In a half-hearted attempt to get back on the proverbial horse, Ed and I went to a couple open houses today. The first one was nice enough – huge and in a good building – but it was sterile and carpeted, and in a lame location. Also, it had no personality and looked out over a Wendy’s parking lot. Good when you have the munchies; not so good when you want to see pretty things instead of cars and concrete.
The second place was very close to the first place Ed and I fell in love with (but had no chance at buying, as it sold early but stayed online for weeks afterward). It had new floors and paint, but the building was in rough shape and literally surrounded by small children – there was an elementary school directly across the street and a day care next door. The entire complex needed a great deal of work to bring it up to code, I’m not looking for a project – I’m looking for a home I can be happy with.
I have very little hope that it’ll happen any time soon, though.
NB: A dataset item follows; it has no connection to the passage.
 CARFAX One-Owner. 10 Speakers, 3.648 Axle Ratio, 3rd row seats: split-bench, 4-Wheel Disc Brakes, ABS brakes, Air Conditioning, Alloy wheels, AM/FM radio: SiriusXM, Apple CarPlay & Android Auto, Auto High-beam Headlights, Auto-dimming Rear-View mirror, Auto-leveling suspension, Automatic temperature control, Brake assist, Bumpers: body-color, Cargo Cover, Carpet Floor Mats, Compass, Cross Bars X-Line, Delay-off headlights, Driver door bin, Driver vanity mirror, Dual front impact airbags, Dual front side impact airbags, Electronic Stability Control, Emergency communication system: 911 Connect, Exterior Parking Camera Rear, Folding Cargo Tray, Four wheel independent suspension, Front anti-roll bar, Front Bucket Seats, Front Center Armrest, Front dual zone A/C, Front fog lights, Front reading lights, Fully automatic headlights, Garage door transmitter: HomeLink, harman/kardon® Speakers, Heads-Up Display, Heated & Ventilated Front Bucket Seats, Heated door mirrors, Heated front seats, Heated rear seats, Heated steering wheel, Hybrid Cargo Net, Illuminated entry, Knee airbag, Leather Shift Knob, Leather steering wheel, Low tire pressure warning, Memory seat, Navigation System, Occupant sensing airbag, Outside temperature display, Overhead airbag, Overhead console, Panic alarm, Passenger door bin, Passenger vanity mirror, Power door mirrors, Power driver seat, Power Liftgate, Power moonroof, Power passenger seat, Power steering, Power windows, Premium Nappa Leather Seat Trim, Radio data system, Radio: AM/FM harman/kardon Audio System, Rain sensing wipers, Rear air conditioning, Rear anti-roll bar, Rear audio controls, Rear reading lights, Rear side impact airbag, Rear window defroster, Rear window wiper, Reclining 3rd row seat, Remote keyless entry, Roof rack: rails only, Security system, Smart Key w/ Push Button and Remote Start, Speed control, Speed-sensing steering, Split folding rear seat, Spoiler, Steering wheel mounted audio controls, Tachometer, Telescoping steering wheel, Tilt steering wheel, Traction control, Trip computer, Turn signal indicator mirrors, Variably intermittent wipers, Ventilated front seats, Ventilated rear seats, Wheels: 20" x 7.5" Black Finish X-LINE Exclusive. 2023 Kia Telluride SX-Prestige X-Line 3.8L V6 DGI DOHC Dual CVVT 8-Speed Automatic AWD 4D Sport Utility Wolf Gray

Ed keeps telling me to try and have fun with the whole process and something will happen eventually, but I can’t stop thinking about the place we almost had: it was gorgeous and perfect and I want THAT place, not something that may or may not be good enough at some point in the future.
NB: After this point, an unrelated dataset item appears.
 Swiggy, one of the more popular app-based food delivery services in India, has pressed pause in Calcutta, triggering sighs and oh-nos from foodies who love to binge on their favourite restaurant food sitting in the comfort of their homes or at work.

I know I’m being pissy and pessimistic about it all, but that’s how I feel. I don’t currently *care* that things will work out in the end: right now I am upset and in mourning and I don’t want to be told to get over it already. House hunting kind of sucks, and the longer it takes to find a home, the longer we’ll be in this building alone with our stupid neighbours. Plus, I get to spend the next two weekends helping Josh, Shan, Miranda and Reilly all move into their new places. That’ll not be akin to torture at all!
I need to get all the vitriol out of my system before then. I’m happy for my friends, but right now I’m waist-deep in a pity party and don’t want to hear how awesome things are for everyone but us.